[Bloat] [Cerowrt-devel] Fwd: Will Edwards to give Mill talk in Estonia on 12/10/2014

Fri Dec 5 15:15:46 EST 2014

On Fri, Dec 5, 2014 at 11:33 AM,  <Valdis.Kletnieks at vt.edu> wrote:
> On Fri, 05 Dec 2014 11:18:57 -0800, Dave Taht said:
>> The Mill is an extremely wide-issue VLIW design, able to issue 30+
>> MIMD operations per cycle.  The Mill is inherently a vector machine
>> and can vectorize and pipeline almost all loops in general purpose
>> code.
>
> The big question is whether we know more about writing compilers for VLIW
> machines than we did when the Itanium came out.  That was hard enough to
> get just 3 instructions packed per word (of course, the fact that it wasn't
> 3 generic instructions, but 2 of one flavor and 1 of another, didn't help).

Well, in this case half the instructions are one flavor the other half another.

But it's the belt concept in the "mill" that is key.
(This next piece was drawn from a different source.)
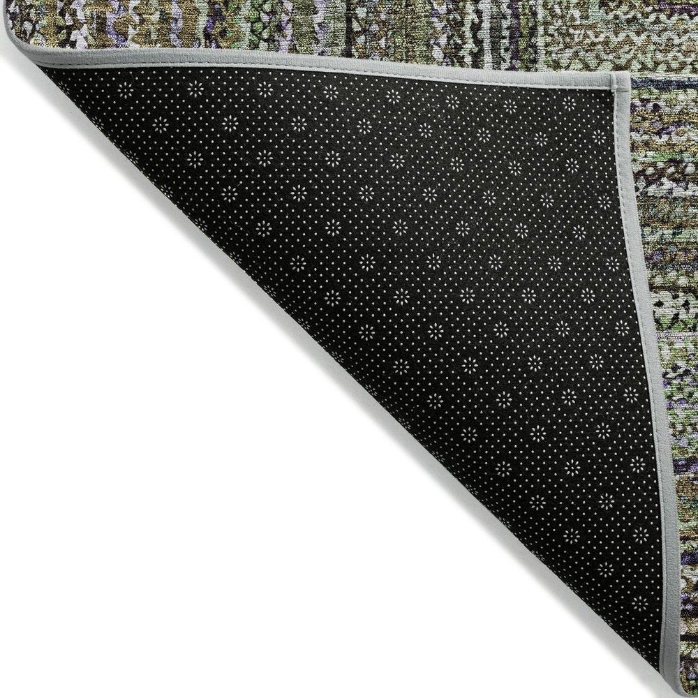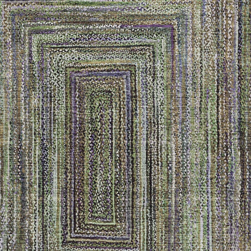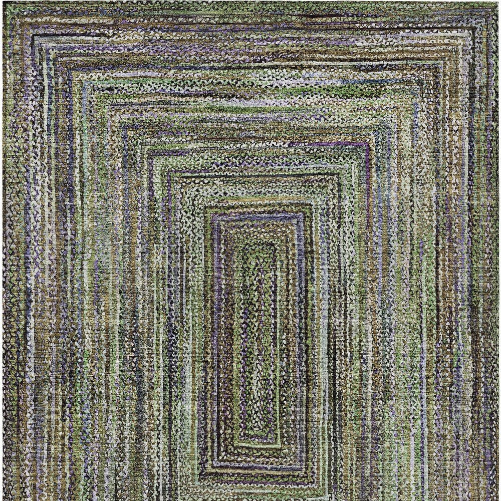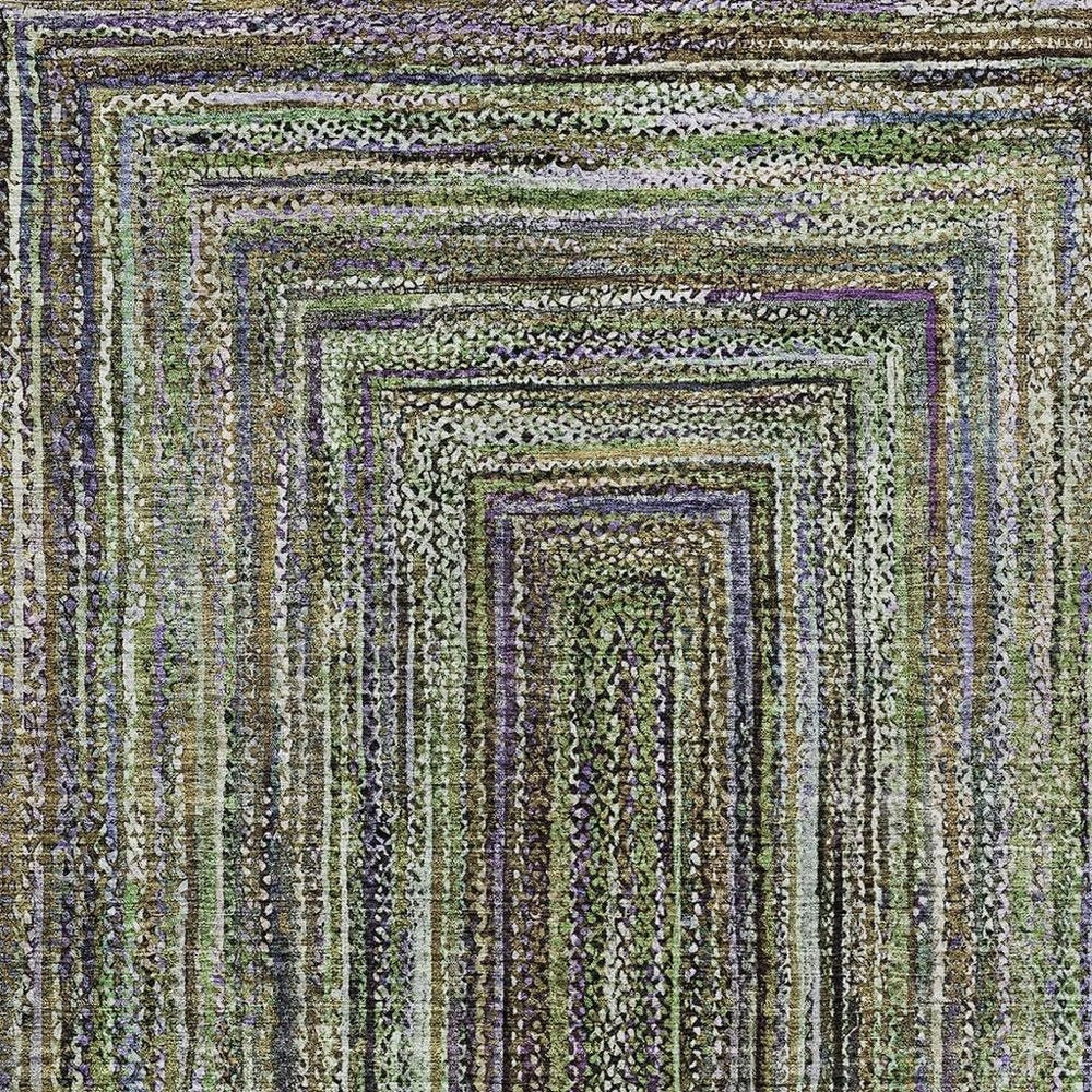 10' X 14' Olive Green Lavender And Fern Green Geometric Washable Indoor Outdoor Area Rug

Basically, having
tons and tons
of fixed addressible registers doesn't work well (as in the itanium,
sparc, and other arches) for a variety of reasons...

Taking a classic smaller register set, such as in the x86_64, and
trying add all these superscalar and out of order features to it
has hit a brick wall

... and the best we see in arms and mips (
with way more registers) is typically two out of order ops, total.

stack machines overly serialize operations and tend to bottleneck
on local cache (see the transputer T800 for the last decent example)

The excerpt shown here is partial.